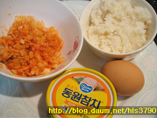 재료: 찬밥1공기. 참치1캔. 익은배추김치2장. 계란1개.식용유
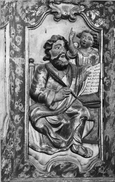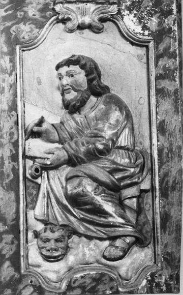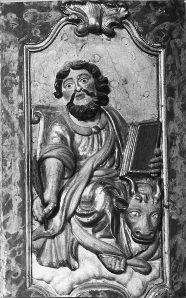 Les quatre panneaux sculptés de la cuve représentent les quatre évangélistes, chacun accompagné de son attribut.
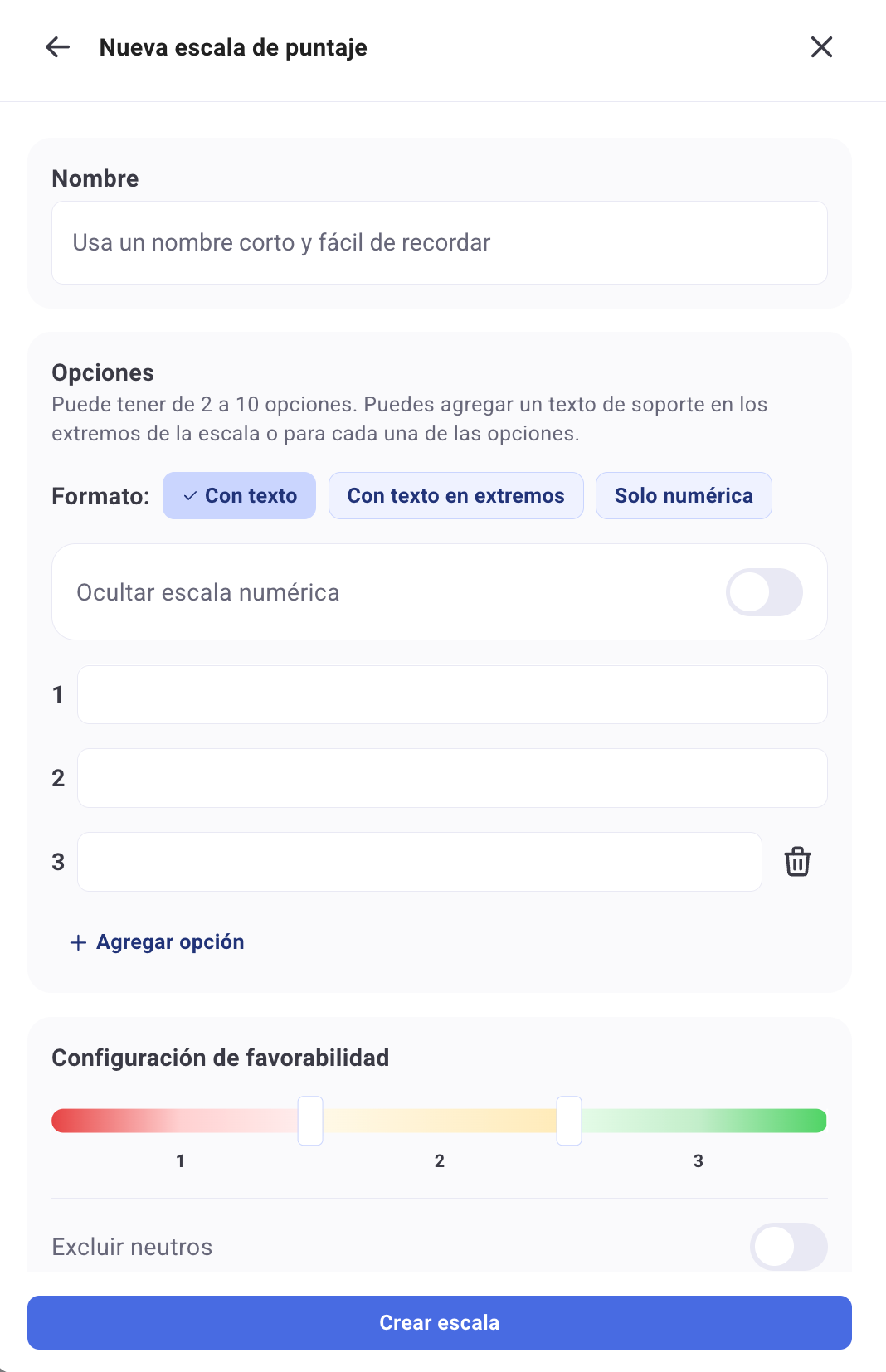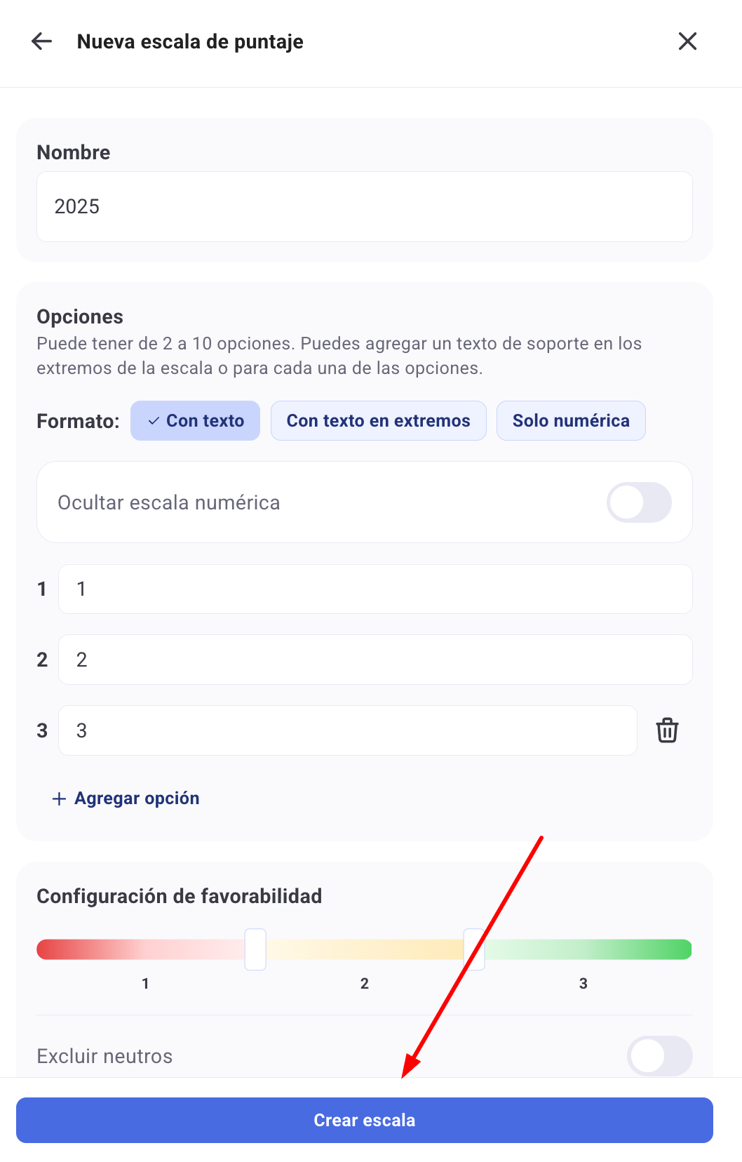 3. Uma vez preenchidos os campos, clica em "Criar escala", e pronto! A escala ficará disponível para utilizar nos teus inquéritos de experiência.
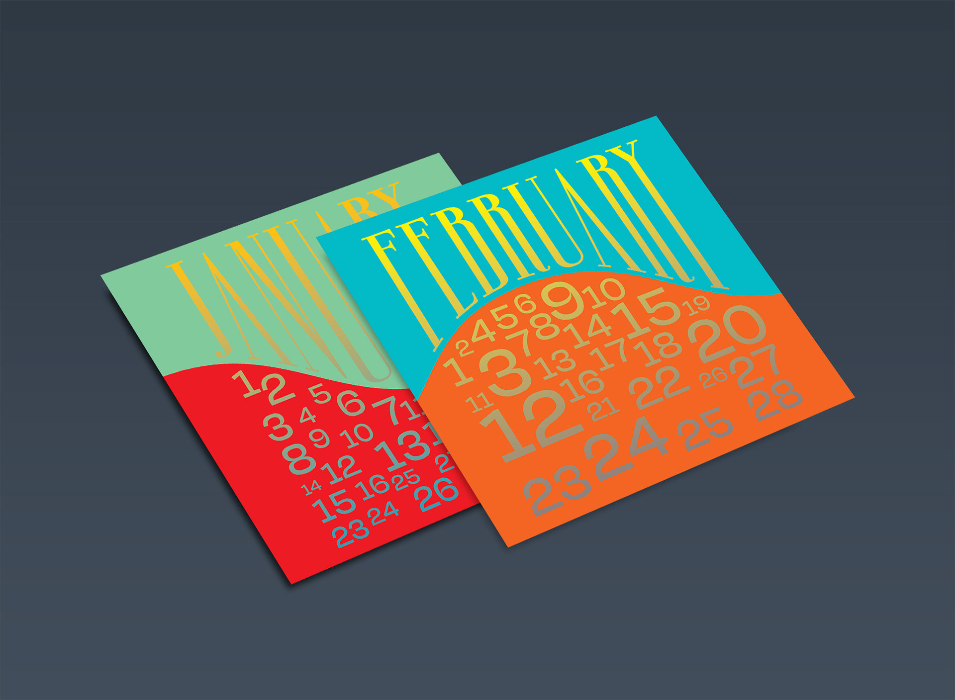 This was a typography challenge to make a Calendar without using the standard calendar format. I wanted to play with contrasting & complimentary colors to see how they interacted with each other.
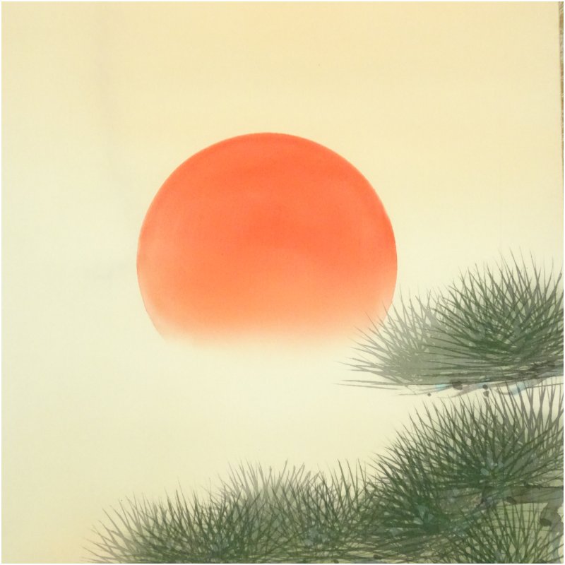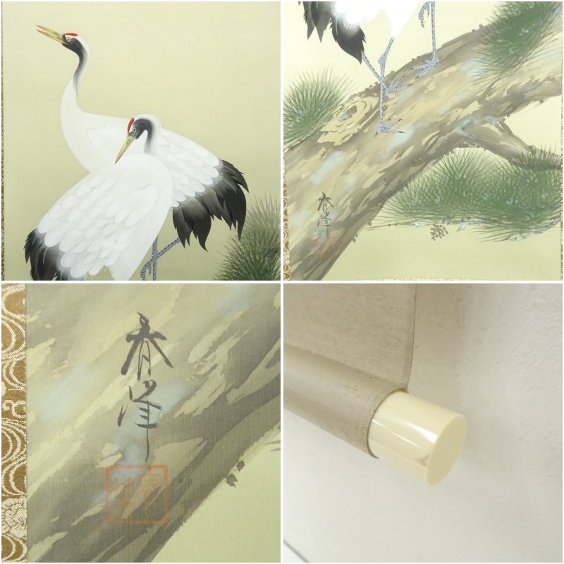 小栗春峰筆 松上鶴 肉筆絹本掛軸(共箱) [01-251030c-040a]
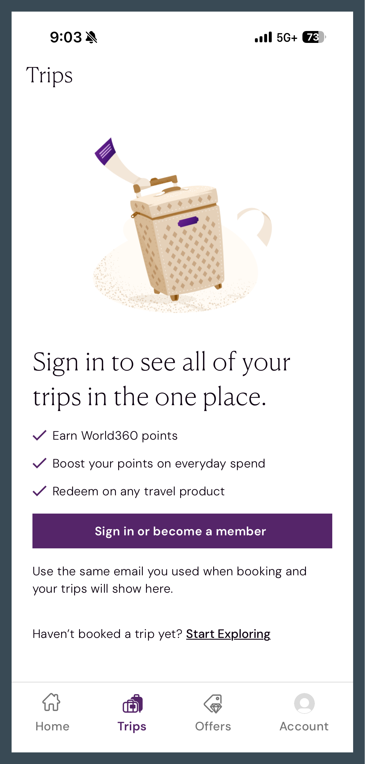 From the Home or Trips tab, select the 'Sign in or become a member' button.
● ● ●
• What to do
Each entry should be copied exactly as written, though any pictures stay out.

• Answer to the problem
 재료: 찬밥1공기. 참치1캔. 익은배추김치2장. 계란1개.식용유
 Les quatre panneaux sculptés de la cuve représentent les quatre évangélistes, chacun accompagné de son attribut.
 3. Uma vez preenchidos os campos, clica em "Criar escala", e pronto! A escala ficará disponível para utilizar nos teus inquéritos de experiência.
 This was a typography challenge to make a Calendar without using the standard calendar format. I wanted to play with contrasting & complimentary colors to see how they interacted with each other.
 小栗春峰筆 松上鶴 肉筆絹本掛軸(共箱) [01-251030c-040a]
 From the Home or Trips tab, select the 'Sign in or become a member' button.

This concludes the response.